The Dow Jones industrial average, powered higher all year by optimism that the economic recovery is finally for real, crossed 13,000 on Tuesday for the first time since May 2008.
However, it finished at 12,965.69, up 15.82 points.
The Standard & Poor’s 500 index surpassed 1,363, its peak from April, during the day but closed at 1,362.21, up 0.98 point. The Nasdaq composite, which is heavy with technology stocks and trading at levels not seen since December 2000, closed down 3.21 points at 2,948.57.
Still, Wall Street took note of the Dow’s brief 13,000 marker.
In the summer and fall, the Dow as low as 10,655. It closed Tuesday 22 percent above that and is 1,199 points from an all-time high, a 9 percent rally from here.

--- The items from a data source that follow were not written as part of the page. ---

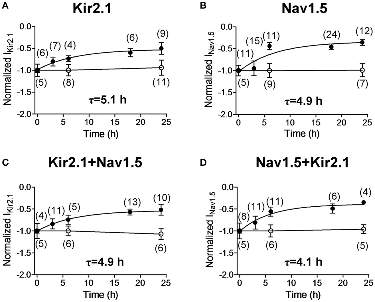 Time course of internalization of Kir2.1 and Nav1.5 channels. (A–D) Mean normalized density of the currents recorded in CHO cells expressing the constructs indicated and incubated with BFA (50 ng/mL) (solid circles) for 0 (Control), 3, 6, 18, and 24 h or with 1% ethanol (open circles) for 0, 6, and 24 h. Half-time constants (τ) yielded by the monoexponential fit to the BFA data are also shown. Each point represents the mean ± SEM of (n) cells of ≥4 preparations.
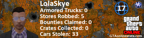 [URL=http://GTAonlinestats.com/showplayer/LolaSkye/2][IMG]http://GTAonlinestats.com/crimesignature/LolaSkye/2/sig.png[/IMG][/URL]
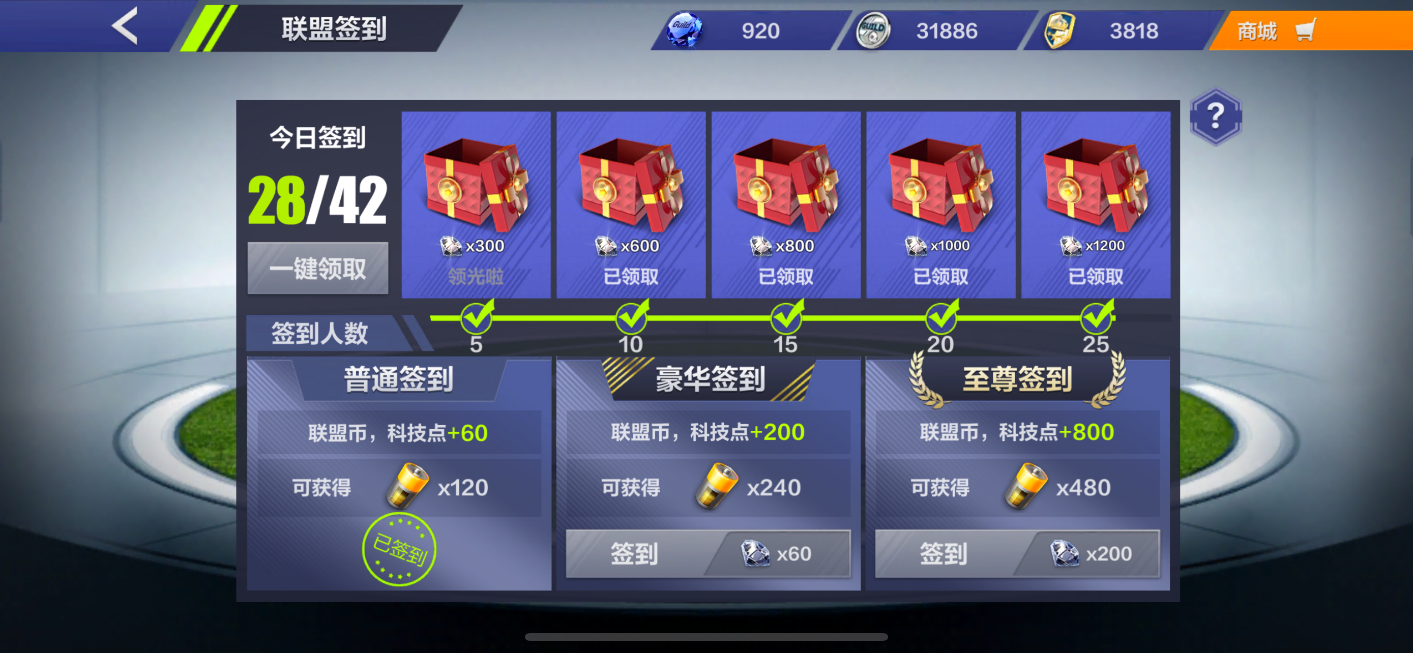 个人觉得,那种每天签到人数百分之九十,或百分之百的联盟,应该有更多的资源,这个钻石签到估计再富的富豪也会点普通,而且整个联盟每天30,40个人签到,也最多只有100左右的钻石,现在联盟收菜的大佬每天就只是报名点一点,每日打卡盒子点一点,签到点不点都无所谓了然后“联盟科技捐献”这个除了新区盟,稍微玩儿久一点的活跃盟,估计早就满了,提升不大,而且金币也给很少,最多就是用来刷活动任务的
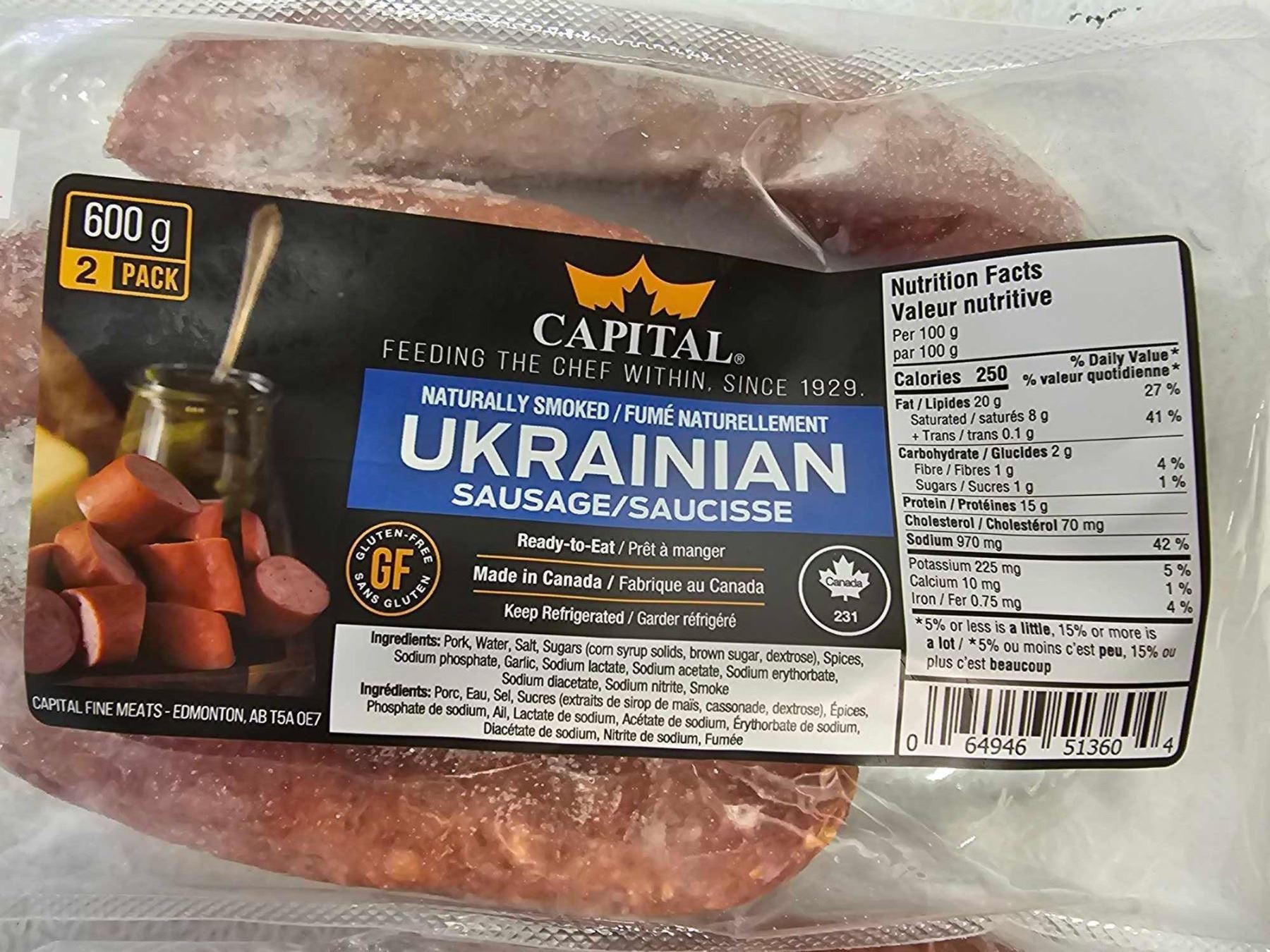 FROZEN -Capital Naturally Smoked Ukrainian Sausage 2x600g
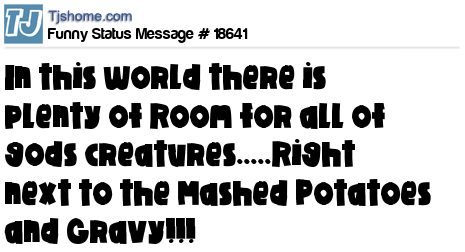 X says In this world there is plenty of Room for all of gods creatures.....Right next to the Mashed Potatoes and Gravy!!!
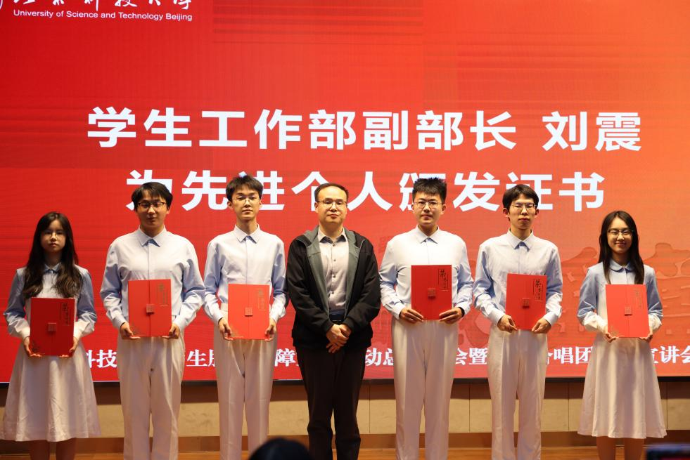刘震为获奖同学颁发荣誉证书。这份荣誉,既是对过往付出的肯定,也是对未来继续奋进的期许。
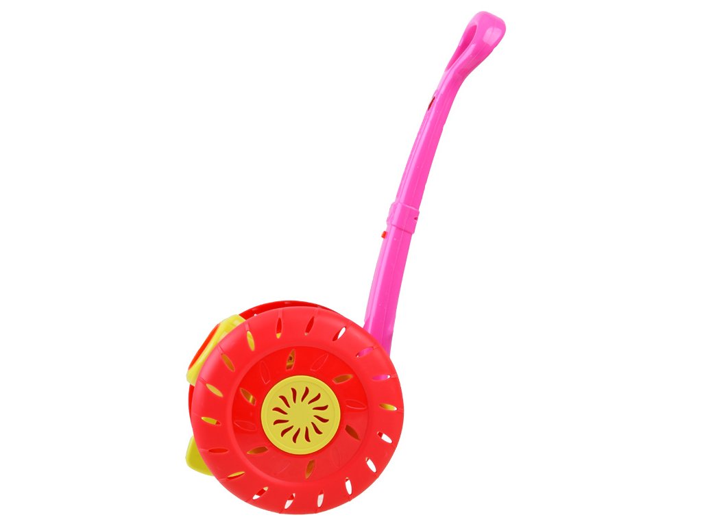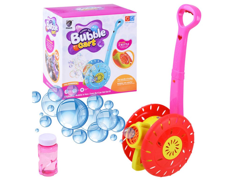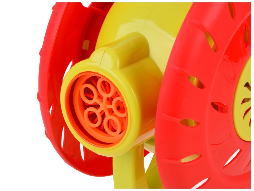 Úžasné tlačné kolečko na výrobu mýdlových bublin přinese radost každému dítěti. Tato hra umožňuje vypouštět barevné bubliny z automatu. Stačí jen připevnit lahvičku s tekutinou do spodní části, stisknout tlačítko na rukojeti hračky a začne vypouštět magické, duhové bubliny. Ale to není vše, během hry slyšíte veselou melodii a světélka blikají.
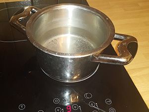 Pripravite lonec z vodo in ga postavite na kuhalno ploščo z nastavljeno najvišjo temperaturo. |
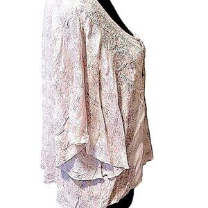 This flowy Bohemian crop top from Abercrombie & Fitch is pink, gray and white.
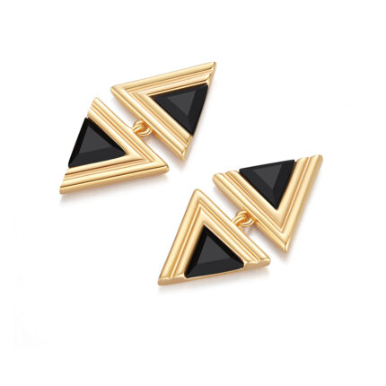 Geometric Gold Triangle Earrings – Modern Black Onyx Inlay Design with Minimalist Elegance
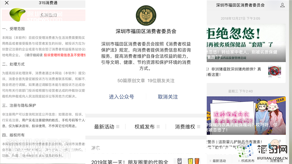 福田區(qū)消委會微信公眾號界面,包含消費維權投訴、發(fā)布消費警示等內容。
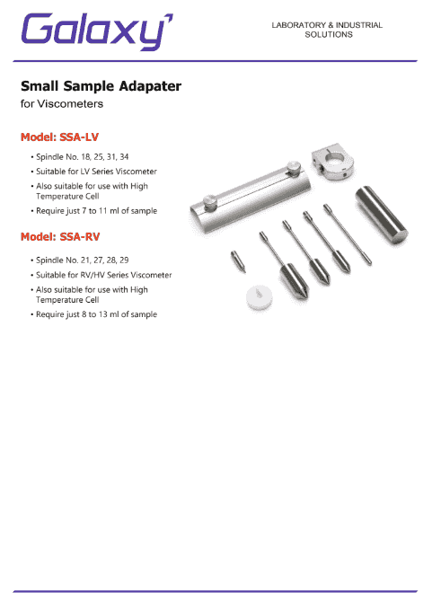 The Small Sample Adapter is a specialized accessory designed for rotational viscometers to enable accurate viscosity measurement using minimal sample volumes. In many laboratory and research applications, obtaining large quantities of a sample may not be possible or practical. The Small Sample Adapter provides an efficient solution by allowing precise viscosity measurements with significantly reduced sample volumes while maintaining accuracy and reliability.
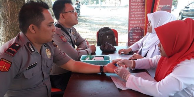 LHOKSEUMAWE- Personil Polsek Sawang donor darah untuk berpartisipasi dalam kegiatan sosial donor darah massal dalam rangka Bakti Amal KNPI PK Sawang di halaman Kantor Camat Kecamatan Sawang Kabupaten Aceh Utara .” Senin pagi (12/02/2018)
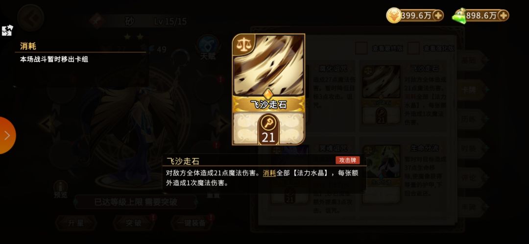 飞沙走石,每多一个水晶多一次攻击,强化后每次21,可以最少84的输出。搭配奥里耶一次攻击能打个200多。
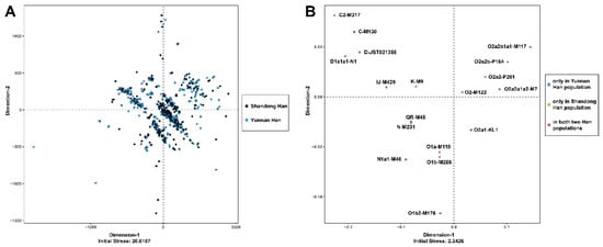 Significantly, the structures observed in the MDS plots were different. Figure 8A demonstrates that the 27 Y-STR loci were not able to distinguish Han males in Shandong and Yunnan populations (Figure 8A), because most individuals clustered together. However, the 24 Y-SNPs showed potential to clearly classify male individuals as various haplogroups (Figure 8B). In addition, individuals assigned to the C-M130 and D-JST021355 haplogroups were all from Yunnan Han population, while those belonging to the K-M9 haplogroup were all from Shandong Han population, indicating the possible bio-geographic discrimination ability of Y-DNA-haplogroup-determining SNPs.
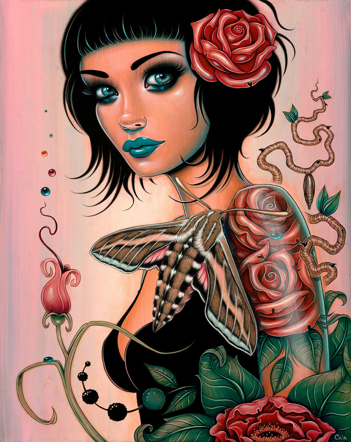While attaining her BA in Fine Arts from the University of California in Santa Cruz, Caia was a skateboard enthusiast immersed in the punk rock scene of the ‘80s. She continues to live in Santa Cruz where the youthful vitality of a college town is an ever-present, pulsating force. Her professional career began by creating designs for skateboards and snowboards. Enchantingly beautiful female characters in her paintings are imbued with this fearless sense of defiance. As a second-generation conservationist, loving the environment and acutely aware that humanity is dangling our planet over a dangerous flame of pollution, nature is often woven into the haunting fabric of her images. Birds, flowers, plants, butterflies, animals and mythical creatures are interlaced with iconic symbols of love, mystery, soul searching and timeless values. Lurking throughout these visual fantasies are “Día de los Muertos” skulls, cute yet macabre reminders of the interlocking yin and yang of life and death.
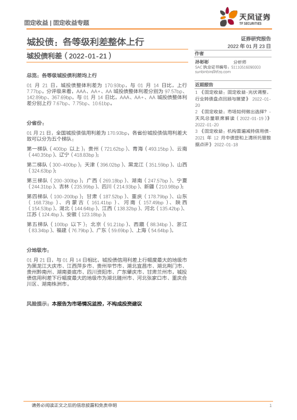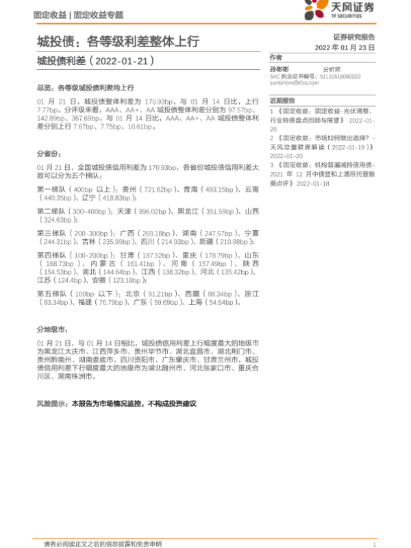 【天风证券】【20220123】城投债利差:城投债,各等级利差整体上行-15页
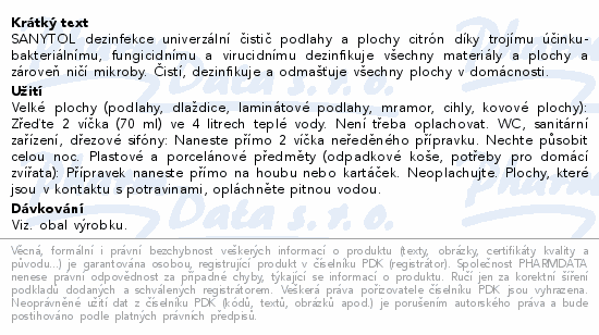 SANYTOL dezinfekce univerzální čistič podlahy a plochy citrón díky trojímu účinku- bakteriálnímu, fungicidnímu a virucidnímu dezinfikuje všechny materiály a plochy a zároveň ničí mikroby. Čistí, dezinfikuje a odmašťuje všechny plochy v domácnosti.

Dan McMahon, director of equity trading at Raymond James, called the 13,000 mark “just a big round number” as a matter of market fundamentals. But he added: “Psychologically, it matters.”
The milestone could motivate investors to pump money back into the stock market.
“Essentially over the last couple of months you’ve taken the two biggest fears off the table, that Europe is going to melt down and that we’re going to have another recession here,” said Scott Brown, chief economist for Raymond James.
A long-awaited bailout to help Greece prevent a potentially catastrophic default, announced before dawn in Europe after 12 hours of talks, helped the Dow briefly clear 13,000.
European markets didn’t take the news as well. Stocks closed down 3.5 percent in Greece, where stocks have lost 80 percent of their value since 2007. Stocks declined less than 1 percent Tuesday in Germany, France and Britain.
Airline stocks got clobbered. United Continental lost 9 percent, Delta Air Lines 7 percent. The Dow transportation average lost 1.5 percent.
Materials, telecommunications and energy companies led the industries gaining ground. Health-care companies, makers of consumer staples and utilities, traditionally stocks to own in more cautious times, were lower.
Metals prices jumped because of expectations that demand may improve.
In other news:
BARNES & NOBLE: It fell 4 percent after missing expectations. Rising costs offset higher sales of both traditional books and digital books. The bookstore chain plans to introduce a cheaper Nook to compete with Amazon’s Kindle Fire.
J.C. PENNEY: Trying to reinvent itself and having brought in an Apple veteran as CEO and changed its logo, it fell 3 percent after Fitch Ratings dropped its credit grade to junk status.